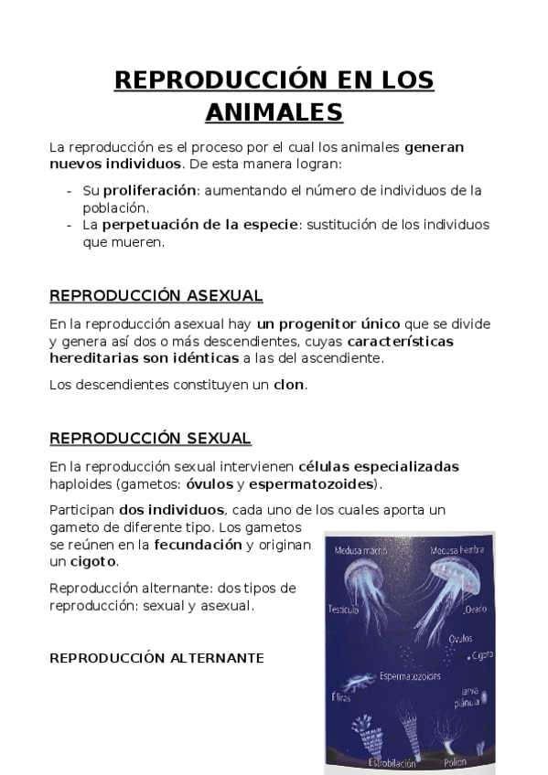 Apuntes de biología de 1º de Bachillerato sobre la reproducción en animales. Imágenes y fotografías incluidas.
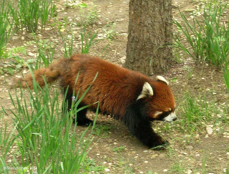 | Notice my paws. They are turned in for tree climbing, just like the giant panda's. But notice the tail, have you ever seen such a fine tail on a giant panda? |
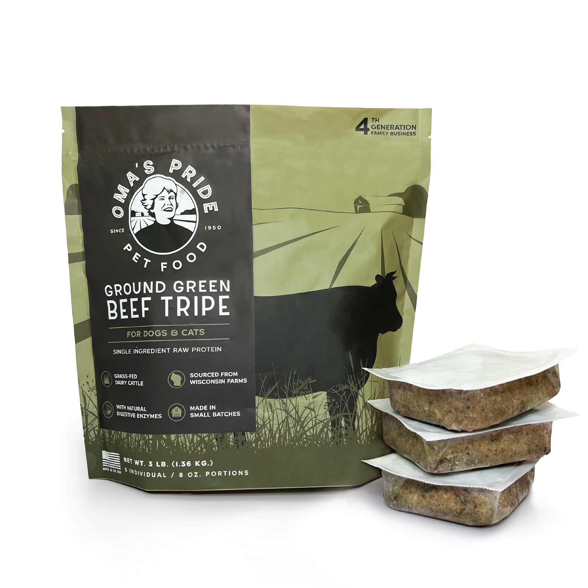 Introducing Oma’s Pride - Ground Green Beef Tripe, sourced from grass-fed cattle raised on Wisconsin farms in the USA. Unbleached to preserve its natural enzymes, essential amino acids, and pre and probiotics, it's an ideal choice for promoting healthy digestion and a robust immune system. Finely ground and free of grains and fillers, it's a smart addition to a carnivore-focused diet, ensuring the quality your pet deserves for a healthy and happy life. Please note, this food has a strong natural odor that pets love but may be off-putting to humans. However, its benefits far outweigh any scent concerns.
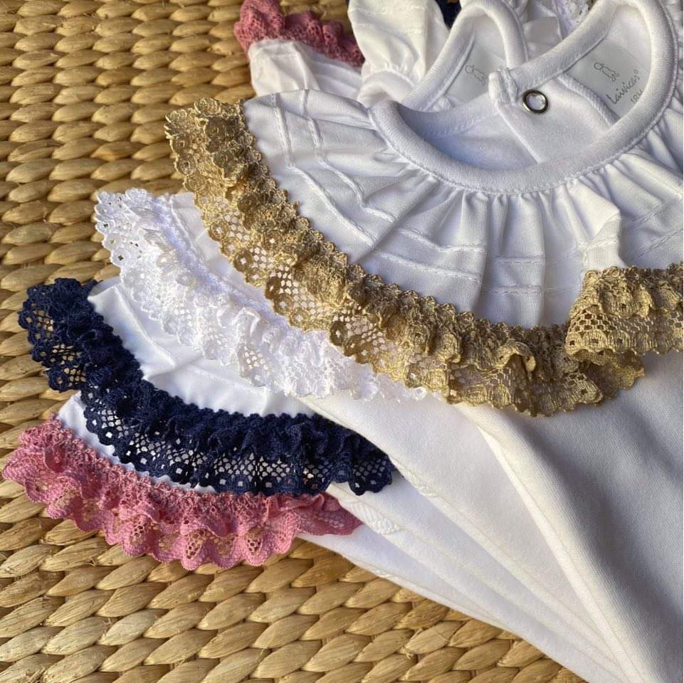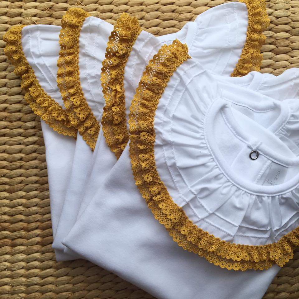 • Bodies de bebê brancos com gola de renda colorida sobre tapete de fibras naturais
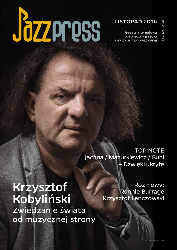 Gazeta internetowa poświęcona jazzowi i muzyce improwizowanej ISSN 2084-3143 LISTOPAD 2016 TOP NOTE Jachna / Mazurkiewicz / Buhl – Dźwięki ukryte Krzysztof Kobyliński Rozmowy: Ronnie Burrage Krzysztof Lenczowski Zwiedzanie świata od muzycznej strony fot. Kuba Majerczyk Od Redakcji redaktor naczelny Piotr Wickowski [email protected] „Jest tu miejsce na wycieczki w głąb tradycji, a także dalekie wyprawy w przyszłość. Jest muzyka folkowa, jest i klasyczna. Na jednej scenie spotykają się kultury z przeciwległych krańców świata”. O czym mowa? Taki jest jazz – według Cezarego Ścibiorskiego, który przybliża w tym numerze JazzPRESSu koto – instrument coraz częściej pojawiający się w zachodniej muzyce. Autor rubryki Wszystkie drogi prowadzą do Bitches Brew stawia przy okazji ważne pytania: o granice jazzu i czy w ogóle one istnieją. Z pewnością nie brakuje takich, dla których jazz mieści się w mniej lub bardziej określonych terytoriach. Dla nich każdy muzyk, który obszary graniczne przekracza, zapuszczając się dużo dalej, powinien ponieść przykładną karę. Tylko czy taka postawa nie przynosi gatunkowi więcej szkód niż korzyści? „Wprowadzenie do jazzu tak egzotycznego instrumentu – a koto zdecydowanie się do nich zalicza – sprawia, że jazz na tym korzysta. Tak jak i my wszyscy korzystamy w zetknięciu się z innymi, nawet bardzo odmiennymi, kulturami” – argumentuje Cezary Ścibiorski. Korzystajmy zatem i bądźmy „bezgranicznie jazzowi” – w myśl hasła, które codziennie można usłyszeć w audycjach RadioJAZZ.FM. Może jedyną granicą, przy której warto się zatrzymywać, jest tylko granica między muzyką dobrą i złą? Dobrą tak opisuje w listopadowej odsłonie rubryki Take 5 pianista i filozof muzyki Piotr Orzechowski: „Nie może być w niej miejsca na fałsz, na kopiowanie czyjegoś zamysłu, na podciąganie porażek do miana zamysłu artystycznego czy na zatracanie się. Wszystkie niedoskonałości lub też doskonałości nie mogą w takiej muzyce stanowić punktu docelowego, a najwyżej środek do jego osiągnięcia”. Miłej lektury! 4| SPIS TREŚCI 3 – Od Redakcji 4 – Spis treści 6 – Porterety improwizowane 7 – Take5, czyli 5 pytań do Piotra Orzechowskiego 9 – Wydarzenia Bob Dylan promuje Nobla, choć wcale tego nie chciał… 16 – Płyty 16 Pod naszym patronatem 20 Top Note Jachna / Mazurkiewicz / Buhl – Dźwięki ukryte 24Recenzje Łukasz Borowicki Quartet – Wandering Flecks The Forest Tuner – Tunes Marek Walarowski Trio, Wojciech Lichtański – Colours Of The Night Orange Trane, Soweto Kinch – Interpersonal Lines Katarzyna Borek – Space In Between Świętoński i Łuka – ChopinIN Damięcka, Bertazzo-Hart, Urowski, Allen – Monk’s Midnight The Bad Plus – It’s Hard Madeleine Peyroux – Secular Hymns Wadada Leo Smith – America’s National Parks Jukka Perko Avara – Invisible Man David Helbock Trio - Into the Mystic Michel Benita Ethics – River Silver Giovanni Guidi, Gianluca Petrella, Louis Sclavis, Gerald Cleaver – Ida Lupino Emile Parisien Quintet – Sfumato Mount Meander – Mount Meander Don Cherry, John Tchicai, Irène Schweizer, Léon Francioli, Pierre Favre – Musical Monsters Michael Wollny & Vincent Peirani – Tandem 59 – Koncerty 59 Przewodnik koncertowy 64 Morza szum, ptaków śpiew i… różnorodny bardzo jazz 68 73 75 77 80 84 Dżamborka A.D. 2016 – subiektywny przegląd Wielki Zderzacz Hadronów (Nie)przypadkowe spotkania Dwie strony wirtuozerii Jedna scena, kilka jazzowych pokoleń Jesienne niespodzianki 89 – Rozmowy 89 Krzysztof Kobyliński Zwiedzanie świata od muzycznej strony 99 Ronnie Burrage Nie jestem metronomem 108 Krzysztof Lenczowski Cały ten jazz! MEET! 118 – Słowo na jazzowo 118 Moja osobista szafa grająca Ciemna strona człowieka, czyli włóczęgi nocy 120 Złota Era Van Geldera Stanley Turrentine – A Bluish Bag Stanley Turrentine – The Return Of The Prodigal Son 123 Wszystkie drogi prowadzą do Bitches Brew Kęs egzotyki – koto 126 Kanon Jazzu Buckshot LeFonque – Buckshot LeFonque 128 My Favorite Things (or quite the opposite…) Listopad 130 – Pogranicze 130 Down the Backstreets Slum Village – Fantastic, vol. 2 132 Program zrekompensował wady 137 –Redakcja F L P a w w w.jazzpress.pl Po r ter e ty i m p r o w i z o wa n e rys. Jarosław Czaja 6| fot. Adam Golec JazzPRESS, listopad 2016 5 pytań do Piotra Orzechowskiego Profesjonalizm to wiara w swój przekaz Piotr Wickowski: Nad czym obecnie najintensywniej pracujesz? Piotr „Pianohooligan” Orzechowski: Nad moim nowym solowym albumem, który będzie niejako podsumowaniem tego, co do tej pory udało mi się osiągnąć w improwizacji fortepianowej, a zarazem wielkim otwarciem na przyszłe artystyczne kroki. Będzie to cykl 24 preludiów i improwizacji, opowiadających na różne sposoby o tym, co w jazzie wydaje mi się najważniejsze, a więc o szczerym wyborze, o odpowiedzialności w wolności, a także o tym wszystkim, co leży pomiędzy pojęciem spontaniczności a dojrzałości. Przygotowuję też nowy program Dziady, który zrealizujemy wspólnie z High Definition Quartet, Williamem Basinskim, Fenneszem, Robertem Richem i Krzysztofem Knittlem już 15 listopada w ICE Kraków. Kiedy zacząłeś uważać się za profesjonalnego muzyka? Tego profesjonalizmu długo się szuka – wypatruje się go gdzieś na zewnątrz, na przykład w tym jakiego sprzętu używasz, jak traktują cię inni lub, ile aktualnie zarabiasz. Tymczasem dla mnie prawdziwy profesjonalizm to wiara w swój przekaz, umocowana na własnym merytorycznym przygotowaniu i wewnętrznej gwarancji autentyczności swoich artystycznych posunięć. Gdy muzyk to ma, wtedy można zacząć mówić o profesjonalizmie. Kogoś takiego można bez problemu zapraszać wszędzie, może nawet grać na byle czym, wyglądać byle jak i nikomu to nie powinno przeszkadzać, bo to już jest muzyk zawodowy. J

····················

WHAT THIS TASK INVOLVES: Print the material above exactly as it appears, but not its pictures.

SOLUTION TO THIS PROBLEM:
 Apuntes de biología de 1º de Bachillerato sobre la reproducción en animales. Imágenes y fotografías incluidas.
 | Notice my paws. They are turned in for tree climbing, just like the giant panda's. But notice the tail, have you ever seen such a fine tail on a giant panda? |
 Introducing Oma’s Pride - Ground Green Beef Tripe, sourced from grass-fed cattle raised on Wisconsin farms in the USA. Unbleached to preserve its natural enzymes, essential amino acids, and pre and probiotics, it's an ideal choice for promoting healthy digestion and a robust immune system. Finely ground and free of grains and fillers, it's a smart addition to a carnivore-focused diet, ensuring the quality your pet deserves for a healthy and happy life. Please note, this food has a strong natural odor that pets love but may be off-putting to humans. However, its benefits far outweigh any scent concerns.
 • Bodies de bebê brancos com gola de renda colorida sobre tapete de fibras naturais
 Gazeta internetowa poświęcona jazzowi i muzyce improwizowanej ISSN 2084-3143 LISTOPAD 2016 TOP NOTE Jachna / Mazurkiewicz / Buhl – Dźwięki ukryte Krzysztof Kobyliński Rozmowy: Ronnie Burrage Krzysztof Lenczowski Zwiedzanie świata od muzycznej strony fot. Kuba Majerczyk Od Redakcji redaktor naczelny Piotr Wickowski [email protected] „Jest tu miejsce na wycieczki w głąb tradycji, a także dalekie wyprawy w przyszłość. Jest muzyka folkowa, jest i klasyczna. Na jednej scenie spotykają się kultury z przeciwległych krańców świata”. O czym mowa? Taki jest jazz – według Cezarego Ścibiorskiego, który przybliża w tym numerze JazzPRESSu koto – instrument coraz częściej pojawiający się w zachodniej muzyce. Autor rubryki Wszystkie drogi prowadzą do Bitches Brew stawia przy okazji ważne pytania: o granice jazzu i czy w ogóle one istnieją. Z pewnością nie brakuje takich, dla których jazz mieści się w mniej lub bardziej określonych terytoriach. Dla nich każdy muzyk, który obszary graniczne przekracza, zapuszczając się dużo dalej, powinien ponieść przykładną karę. Tylko czy taka postawa nie przynosi gatunkowi więcej szkód niż korzyści? „Wprowadzenie do jazzu tak egzotycznego instrumentu – a koto zdecydowanie się do nich zalicza – sprawia, że jazz na tym korzysta. Tak jak i my wszyscy korzystamy w zetknięciu się z innymi, nawet bardzo odmiennymi, kulturami” – argumentuje Cezary Ścibiorski. Korzystajmy zatem i bądźmy „bezgranicznie jazzowi” – w myśl hasła, które codziennie można usłyszeć w audycjach RadioJAZZ.FM. Może jedyną granicą, przy której warto się zatrzymywać, jest tylko granica między muzyką dobrą i złą? Dobrą tak opisuje w listopadowej odsłonie rubryki Take 5 pianista i filozof muzyki Piotr Orzechowski: „Nie może być w niej miejsca na fałsz, na kopiowanie czyjegoś zamysłu, na podciąganie porażek do miana zamysłu artystycznego czy na zatracanie się. Wszystkie niedoskonałości lub też doskonałości nie mogą w takiej muzyce stanowić punktu docelowego, a najwyżej środek do jego osiągnięcia”. Miłej lektury! 4| SPIS TREŚCI 3 – Od Redakcji 4 – Spis treści 6 – Porterety improwizowane 7 – Take5, czyli 5 pytań do Piotra Orzechowskiego 9 – Wydarzenia Bob Dylan promuje Nobla, choć wcale tego nie chciał… 16 – Płyty 16 Pod naszym patronatem 20 Top Note Jachna / Mazurkiewicz / Buhl – Dźwięki ukryte 24Recenzje Łukasz Borowicki Quartet – Wandering Flecks The Forest Tuner – Tunes Marek Walarowski Trio, Wojciech Lichtański – Colours Of The Night Orange Trane, Soweto Kinch – Interpersonal Lines Katarzyna Borek – Space In Between Świętoński i Łuka – ChopinIN Damięcka, Bertazzo-Hart, Urowski, Allen – Monk’s Midnight The Bad Plus – It’s Hard Madeleine Peyroux – Secular Hymns Wadada Leo Smith – America’s National Parks Jukka Perko Avara – Invisible Man David Helbock Trio - Into the Mystic Michel Benita Ethics – River Silver Giovanni Guidi, Gianluca Petrella, Louis Sclavis, Gerald Cleaver – Ida Lupino Emile Parisien Quintet – Sfumato Mount Meander – Mount Meander Don Cherry, John Tchicai, Irène Schweizer, Léon Francioli, Pierre Favre – Musical Monsters Michael Wollny & Vincent Peirani – Tandem 59 – Koncerty 59 Przewodnik koncertowy 64 Morza szum, ptaków śpiew i… różnorodny bardzo jazz 68 73 75 77 80 84 Dżamborka A.D. 2016 – subiektywny przegląd Wielki Zderzacz Hadronów (Nie)przypadkowe spotkania Dwie strony wirtuozerii Jedna scena, kilka jazzowych pokoleń Jesienne niespodzianki 89 – Rozmowy 89 Krzysztof Kobyliński Zwiedzanie świata od muzycznej strony 99 Ronnie Burrage Nie jestem metronomem 108 Krzysztof Lenczowski Cały ten jazz! MEET! 118 – Słowo na jazzowo 118 Moja osobista szafa grająca Ciemna strona człowieka, czyli włóczęgi nocy 120 Złota Era Van Geldera Stanley Turrentine – A Bluish Bag Stanley Turrentine – The Return Of The Prodigal Son 123 Wszystkie drogi prowadzą do Bitches Brew Kęs egzotyki – koto 126 Kanon Jazzu Buckshot LeFonque – Buckshot LeFonque 128 My Favorite Things (or quite the opposite…) Listopad 130 – Pogranicze 130 Down the Backstreets Slum Village – Fantastic, vol. 2 132 Program zrekompensował wady 137 –Redakcja F L P a w w w.jazzpress.pl Po r ter e ty i m p r o w i z o wa n e rys. Jarosław Czaja 6| fot. Adam Golec JazzPRESS, listopad 2016 5 pytań do Piotra Orzechowskiego Profesjonalizm to wiara w swój przekaz Piotr Wickowski: Nad czym obecnie najintensywniej pracujesz? Piotr „Pianohooligan” Orzechowski: Nad moim nowym solowym albumem, który będzie niejako podsumowaniem tego, co do tej pory udało mi się osiągnąć w improwizacji fortepianowej, a zarazem wielkim otwarciem na przyszłe artystyczne kroki. Będzie to cykl 24 preludiów i improwizacji, opowiadających na różne sposoby o tym, co w jazzie wydaje mi się najważniejsze, a więc o szczerym wyborze, o odpowiedzialności w wolności, a także o tym wszystkim, co leży pomiędzy pojęciem spontaniczności a dojrzałości. Przygotowuję też nowy program Dziady, który zrealizujemy wspólnie z High Definition Quartet, Williamem Basinskim, Fenneszem, Robertem Richem i Krzysztofem Knittlem już 15 listopada w ICE Kraków. Kiedy zacząłeś uważać się za profesjonalnego muzyka? Tego profesjonalizmu długo się szuka – wypatruje się go gdzieś na zewnątrz, na przykład w tym jakiego sprzętu używasz, jak traktują cię inni lub, ile aktualnie zarabiasz. Tymczasem dla mnie prawdziwy profesjonalizm to wiara w swój przekaz, umocowana na własnym merytorycznym przygotowaniu i wewnętrznej gwarancji autentyczności swoich artystycznych posunięć. Gdy muzyk to ma, wtedy można zacząć mówić o profesjonalizmie. Kogoś takiego można bez problemu zapraszać wszędzie, może nawet grać na byle czym, wyglądać byle jak i nikomu to nie powinno przeszkadzać, bo to już jest muzyk zawodowy. J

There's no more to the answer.